RECORDS SHOWN:
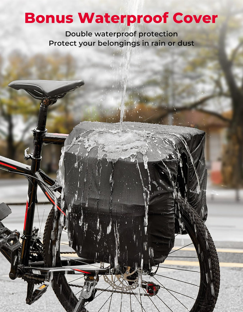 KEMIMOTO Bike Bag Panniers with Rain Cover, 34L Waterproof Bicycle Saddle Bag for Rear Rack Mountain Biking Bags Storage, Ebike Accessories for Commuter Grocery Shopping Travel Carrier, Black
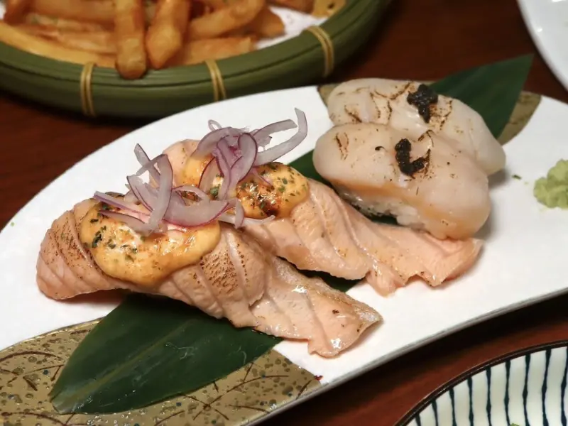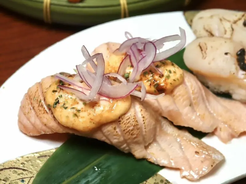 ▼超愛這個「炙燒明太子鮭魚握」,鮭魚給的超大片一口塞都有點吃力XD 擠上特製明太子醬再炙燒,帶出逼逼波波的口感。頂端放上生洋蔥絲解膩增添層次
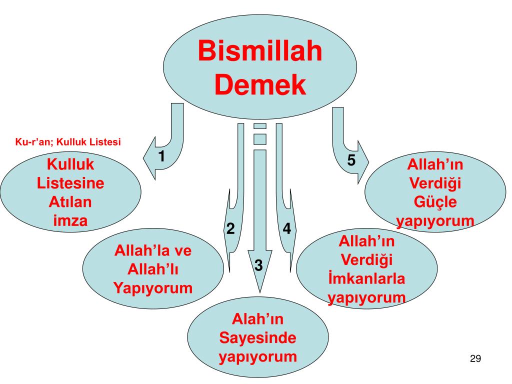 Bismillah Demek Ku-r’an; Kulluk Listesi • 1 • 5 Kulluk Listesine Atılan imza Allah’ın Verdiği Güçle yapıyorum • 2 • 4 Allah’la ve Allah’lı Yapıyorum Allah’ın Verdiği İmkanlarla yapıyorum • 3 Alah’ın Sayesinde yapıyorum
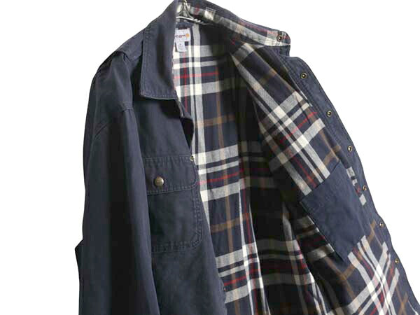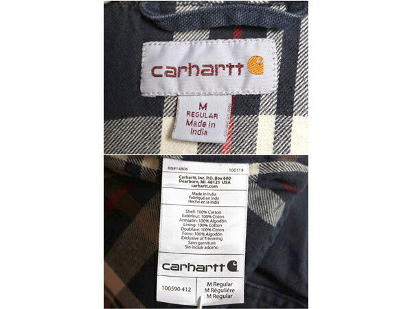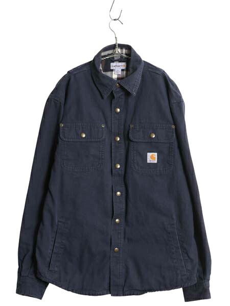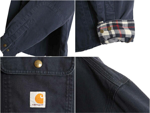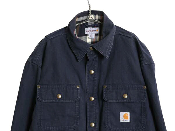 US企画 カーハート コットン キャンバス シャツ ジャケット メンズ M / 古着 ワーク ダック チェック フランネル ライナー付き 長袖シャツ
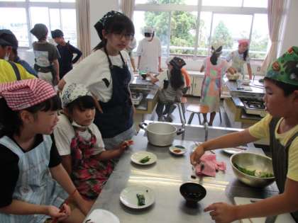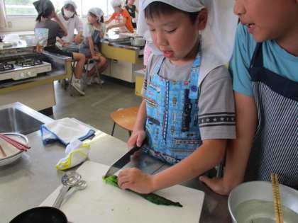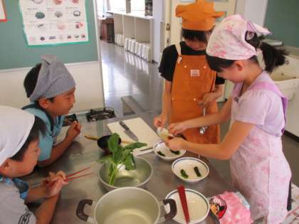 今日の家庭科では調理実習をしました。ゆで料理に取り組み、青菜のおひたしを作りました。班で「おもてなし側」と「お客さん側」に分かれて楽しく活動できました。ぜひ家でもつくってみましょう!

==

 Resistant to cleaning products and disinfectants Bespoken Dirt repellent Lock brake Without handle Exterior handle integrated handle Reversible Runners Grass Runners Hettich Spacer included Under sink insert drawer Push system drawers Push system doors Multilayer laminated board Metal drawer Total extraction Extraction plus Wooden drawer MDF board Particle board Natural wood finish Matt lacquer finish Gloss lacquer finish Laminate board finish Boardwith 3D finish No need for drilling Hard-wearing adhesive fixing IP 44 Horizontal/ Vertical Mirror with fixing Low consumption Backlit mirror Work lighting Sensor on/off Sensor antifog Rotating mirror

...

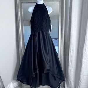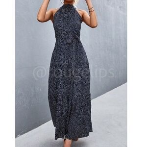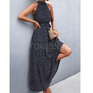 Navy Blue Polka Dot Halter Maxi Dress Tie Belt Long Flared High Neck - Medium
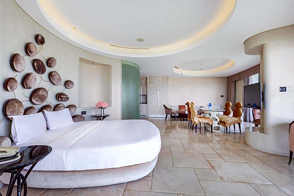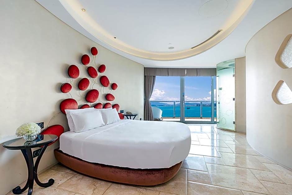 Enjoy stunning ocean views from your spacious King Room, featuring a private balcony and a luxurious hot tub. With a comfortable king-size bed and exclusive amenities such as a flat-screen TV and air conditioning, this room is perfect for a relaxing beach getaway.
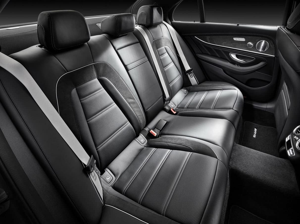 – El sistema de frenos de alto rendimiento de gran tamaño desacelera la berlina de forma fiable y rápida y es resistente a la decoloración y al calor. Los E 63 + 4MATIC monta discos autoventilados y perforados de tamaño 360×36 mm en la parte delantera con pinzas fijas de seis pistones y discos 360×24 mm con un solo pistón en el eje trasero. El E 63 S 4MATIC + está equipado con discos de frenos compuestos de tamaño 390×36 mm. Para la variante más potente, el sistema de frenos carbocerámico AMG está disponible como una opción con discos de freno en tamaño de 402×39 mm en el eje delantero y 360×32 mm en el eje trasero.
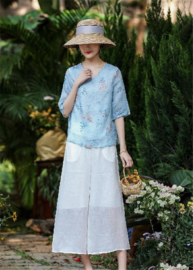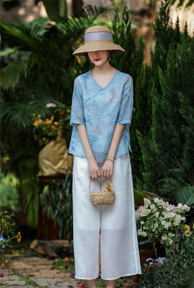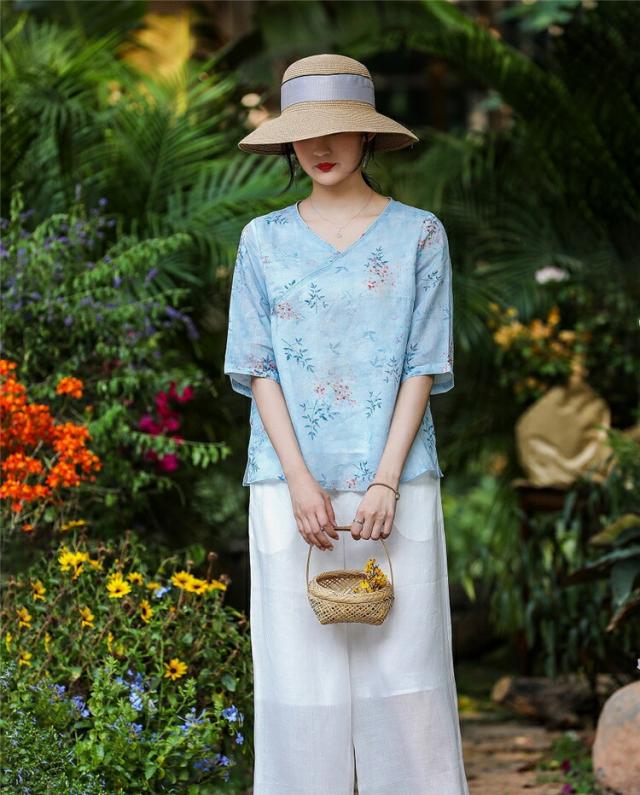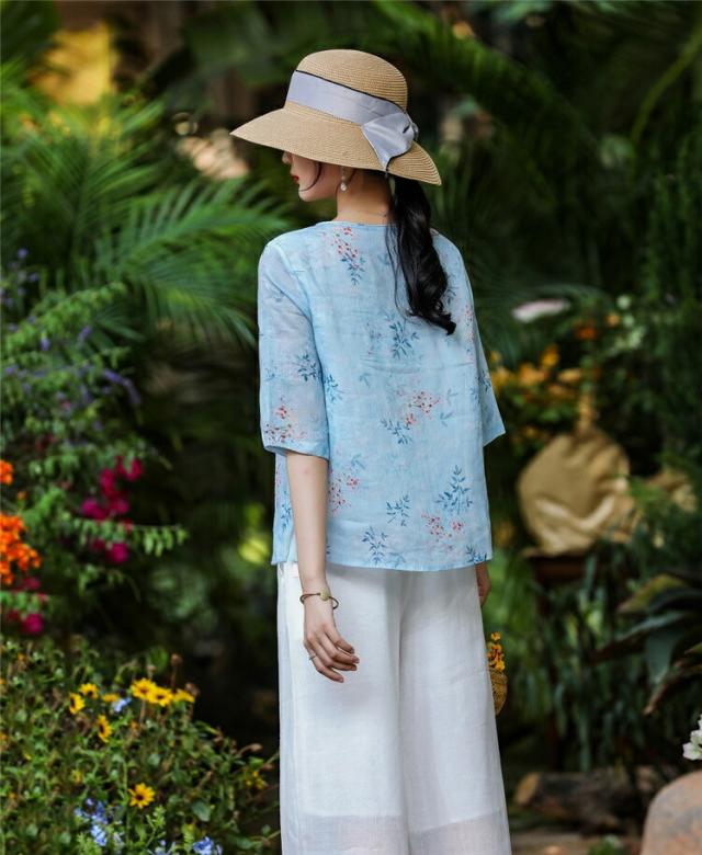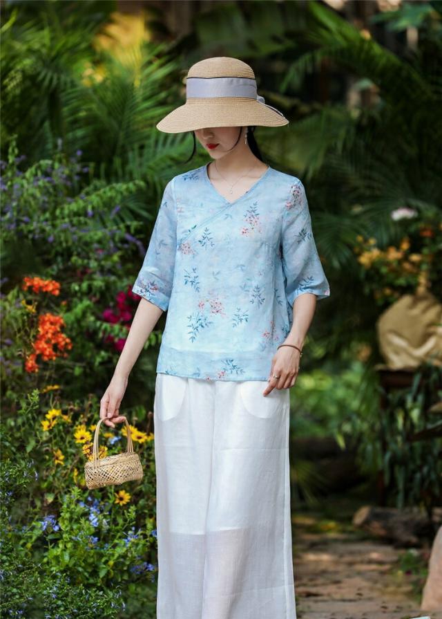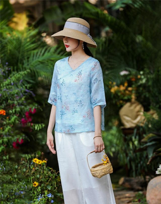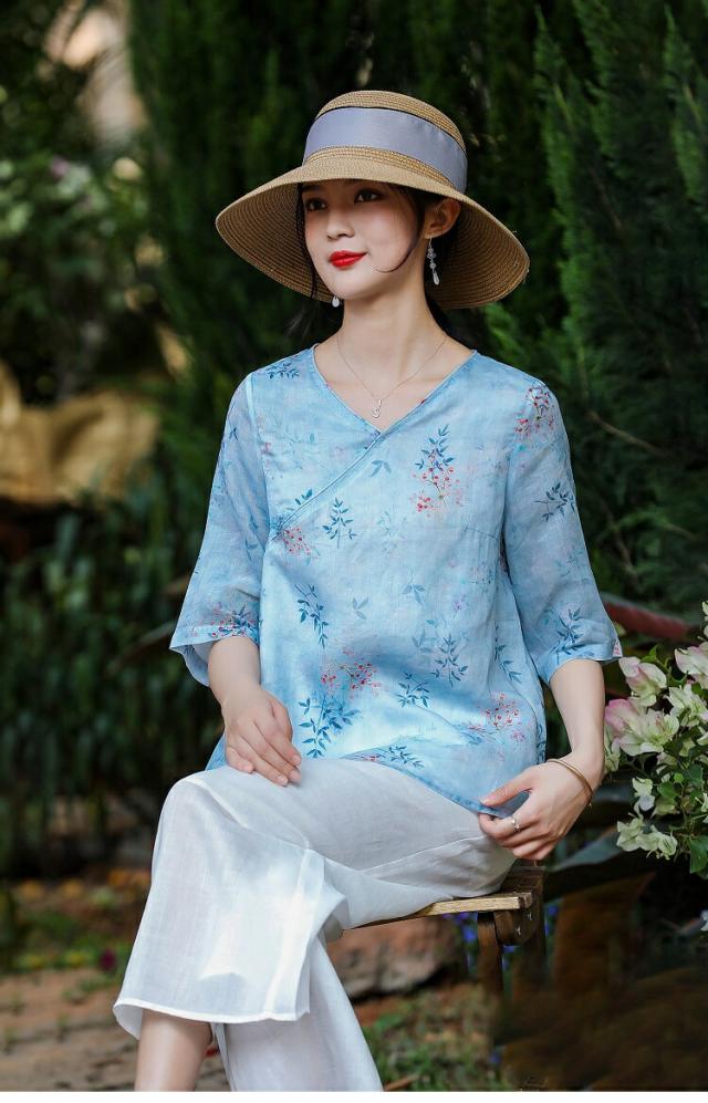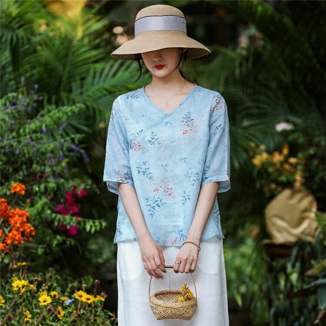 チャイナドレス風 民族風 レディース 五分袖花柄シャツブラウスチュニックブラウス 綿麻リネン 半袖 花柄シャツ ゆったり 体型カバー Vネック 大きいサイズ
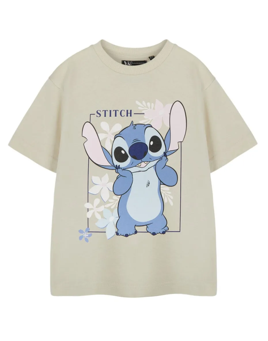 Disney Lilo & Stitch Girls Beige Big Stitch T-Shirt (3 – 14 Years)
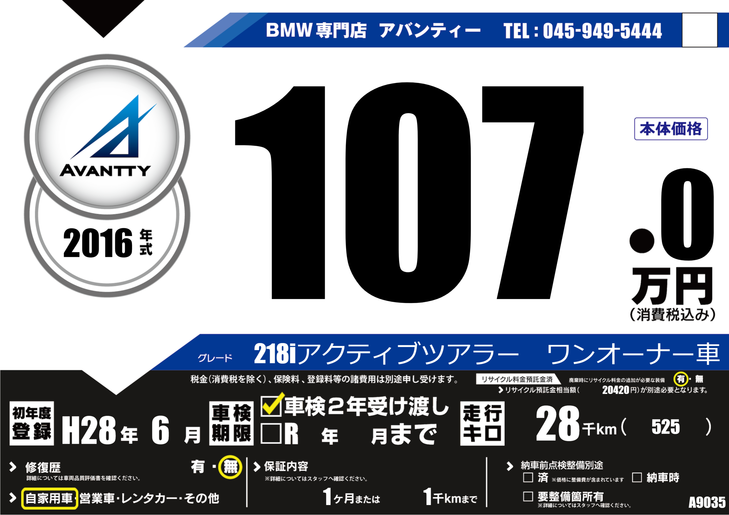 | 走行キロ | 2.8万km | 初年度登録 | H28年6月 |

EXERCISE OBJECTIVE:
Your answer must be everything above from the line with "US企画 カーハート コットン" down to the line with "今日の家庭科では調理実習をし", word for word, and no pictures.

COMPLETED TASK:
 US企画 カーハート コットン キャンバス シャツ ジャケット メンズ M / 古着 ワーク ダック チェック フランネル ライナー付き 長袖シャツ
 今日の家庭科では調理実習をしました。ゆで料理に取り組み、青菜のおひたしを作りました。班で「おもてなし側」と「お客さん側」に分かれて楽しく活動できました。ぜひ家でもつくってみましょう!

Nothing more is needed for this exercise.